A mixture of the crude compound 5 methyl 2-(bromomethyl)-5-fluoro-2-methyl-3-nitrobenzoate (4.5 g) in 1,4-dioxane (15 mL) and water (3 mL) was heated to reflux overnight. TLC (petroleum ether/EtOAc=5:1) showed the starting material was consumed completely. Dioxane was removed under reduced pressure. The residue was extracted with EtOAc (15 mL×4).The combined organic layers were washed with brine, dried over Na₂SO₄, concentrated to give the crude product. The crude product was purified by gel chromatography (petroleum ether to petroleum ether/EtOAc=5/1) to give compound 6, 6-fluoro-4-nitroisobenzofuran (2.3 g, 83.3% yield, two steps) as a white solid. ¹H NMR (400 MHz, CDCl₃): δ (ppm) 8.25; (dd, J=7.8, 2.2 Hz, 1H), 7.97; (dd, J=6.0, 2.0 Hz, 1H), 5.12; (d,J=2.0 Hz, 2 H).
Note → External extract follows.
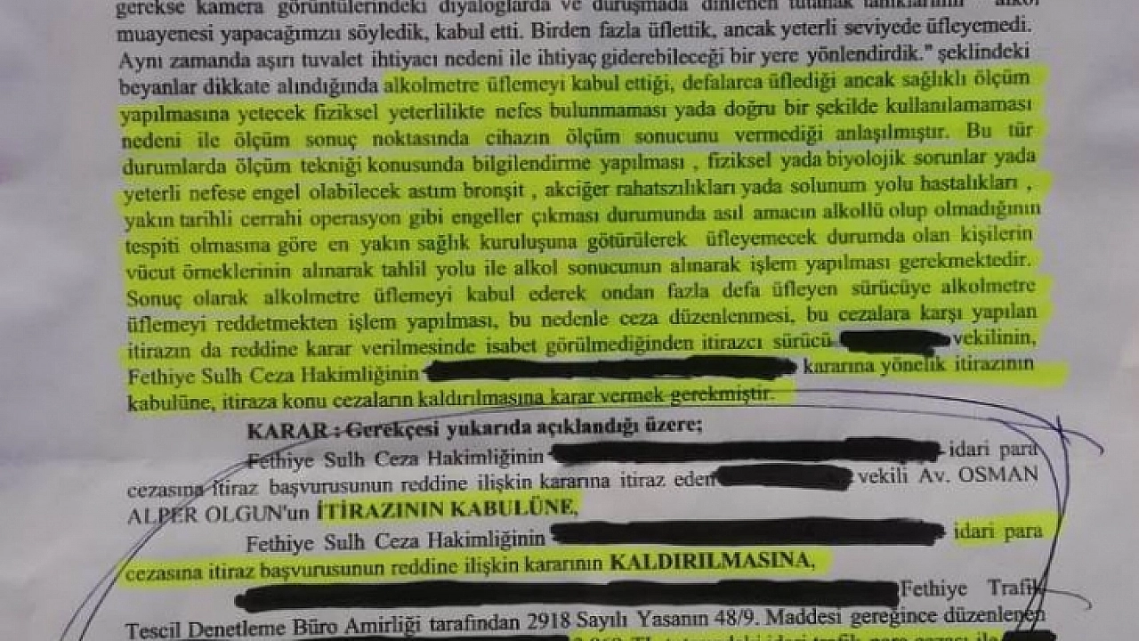 İsminin açıklanmasını istemeyen kadın sürücüye Fethiye Sulh Ceza Hakimliği başvurusunun reddine karar verirken, Avukatı Osman Alper Olgun ile bir üst mahkeme olan Muğla Sulh Ceza Hakimliği ise başvuruyu inceleyip; itirazının kabulüne, 2 bin 869 TL tutarındaki idari trafik para cezası ile sürücü belgesinin 2 yıl ile geri alınması cezasının kaldırılmasına karar verdi. Adeta emsal gibi bu kararda Muğla Sulh Ceza Hakimliği itiraz dilekçesi, cevap dilekçesi toplanan bilgi ve belgeleri birlikte değerlendirip kamera görüntülerinin izlenmesi ile edinilen kanaate göre alkol metreyi üflemeyi ret hususunun tam olarak gerçekleşmediği şeklinde değerlendirdi.

To a mixture of compound 6 (500 mg,2.54 mmol, 1.0 eq.) and compound 7a (535 mg, 3.24 mmol, 1.3 eq. prepared in Scheme 4) in anhydrous 2-Me-THF (15 mL) under inert atmosphere was added Ac₂O (1.75 mL,18.52 mmol, 7.3 eq.) dropwise. The mixture was heated to 45° C., then Et₃N (0.46 mL, 3.3 mmol) was added into the mixture. And the mixture was stirred at this temperature for additional 5 hours. After that TLC (petroleum ether/EtOAc=5/1) showed the starting material was consumed completely, the mixture was cooled to 20° C. and water (10 mL) was added dropwise. The product was collected by filtered and washed with 2-Me-THF (2 mL). The precipitate was dried in vacuo to give compound 8a (340 mg, 45.7% yield) as a yellow solid. ¹HNMR (400 MHz, d⁶-DMSO): δ (ppm) 8.60; (dd, J=8.8, 2.0 Hz, 1H), 8.43; (dd, J=6.4, 2.4 Hz, 1H), 8.11; (s, 1 H), 7.16; (s, 1 H). MS: 294; (M+H⁺).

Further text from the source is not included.